The Khiamniungan people, also known as the Khiamniungan Naga, are a Tibeto-Burmese ethnic group, with approximately 35% of the population inhabiting in Noklak District in the Northeast Indian state of Nagaland and the rest in Naga Self Administered Zone and Hkhamti district of Myanmar. They were also called Kalyo-Kengnyu ("slate-house dwellers") during the British Raj.

History 

The origin of the Khiamniungans remains uncertain. There are no written records of their history before the British Raj days. However, the only source of information about their ancestors are oral traditions in the form of folktales and myths.

According to a popular myth, Khiamniungan means "source of great waters" - the place from where the early ancestors of Khiamniungan are said to have originated. This place is identified near Lengnyu-Tsuwao villages, under Pathso Range, over looking from the present day Noklak and Pathso towns.

Today, the Khiamniungans occupy the easternmost part of India and northwestern part of Myanmar. In India, they are mostly found in Noklak district of Nagaland state and the rest in Naga Self Administered Zone and Hkhamti district of Saigaing Division, Myanmar. The mighty Chindwin river flows through the land of Khiamniungans.They are linked linguistically as well as culturally to the Tibeto-Burman.

During the British Raj, the Khiamniungans were referred to as "kalyo Kenyu", particularly in the works of anthropologists such as Christoph von Fürer-Haimendorf. Unlike several other Naga people, the advent of Christianity had little impact on the Khiamniungan for a long time, due to their remote location. The first Khiamniungan to convert to Christianity was Khaming, in 1947. Thereafter, a number of Khiamniungans converted to Christianity. After the coming of the new education system, social system, modernization and Christianity, there have been drastic changes in their social life.

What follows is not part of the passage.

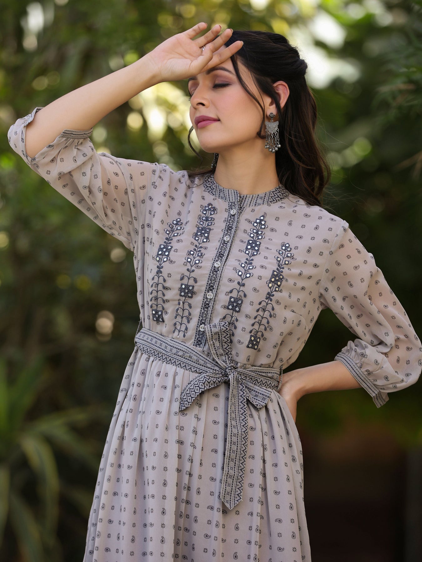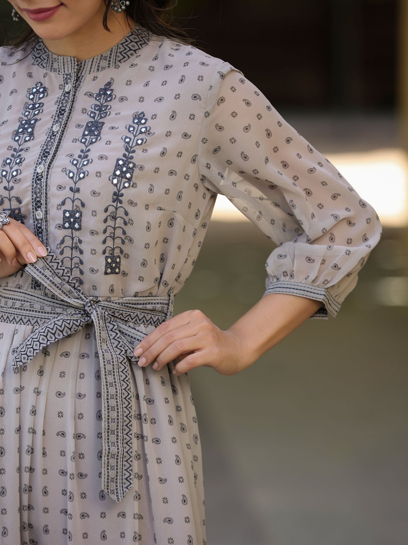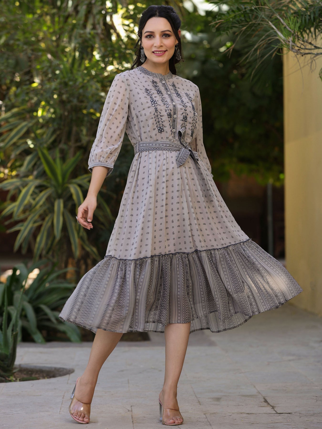 Juniper Women's Beige Printed Flared Dress Length :Calf Length Shape :Flared Fabric :Top:-Georgette,Lining:-Shantoon Color :Beige Pattern :Printed Neck Line :Mandarin Collar Wash Care :Hand Wash Weight(G) :300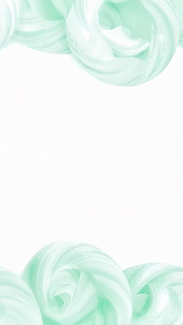 AI Generated Video. Moving mint-green swirls sweeping across top and bottom of vertical frame, leaving clean white center for text and product placement. Featuring glossy, semi-translucent pastel texture and smooth continuous motion, creating calming modern ornament without visual clutter. Optimized for phone screens and looping seamlessly, providing continuous decorative border for stories, reels, short ads, product reveals, beauty and wellness promotions, spa branding, event invitations, app intros, mobile wallpapers. Using central negative space for logos, headlines, animated captions, or product shots. Allowing easy recolor for brand matching or seasonal campaigns. Providing gentle motion and minimal composition for clear messaging and strong call-to-action placement.

society of the ethnic group

The traditional Khiamniungan village had eight important people:

 Nokpao or Nyokpao (war leader)
 Puthsee or petchi (peace maker, elder)
 Ampao, Meyo, meya (priest)
 Kieo lomei        (doctor)
 Ain               (priestess and oracle)
 Shoalang or sonlan (blacksmith)
 Paothieo or paothai (story teller)
 Ainloom (the keeper of the a supposedly magical stone; the stone is said to warn of any impending disaster such as a fire or a raid, by moving out of its basket or by creating a sound through striking another object)

By the early 1990s, only the Puthsee, the Shoalang and the Ainloom remained relevant, others being remembered mainly as part of books and oral tradition.

Culture 
The traditional Khiamniungan attires consist of bright red and bright deep blue colored dresses. The ornaments are made of cowries and conch shells.

The ethnic musical instruments include drums made of gourds and bamboo flutes.

Festivals

Miu 
The Khiamniungan people, who traditionally practised jhum cultivation (slash and burn agriculture), celebrate the Miu festival at the time of sowing. They offer prayers for a good harvest.

Tsoküm 
Tsoküm is the week-long harvest festival of the ethnic group, celebrated in October. The festival includes dancing, singing, cleaning, repair of the roads, and outdoor cooking and eating. In this festival the people invoke god's blessing for a bountiful harvest.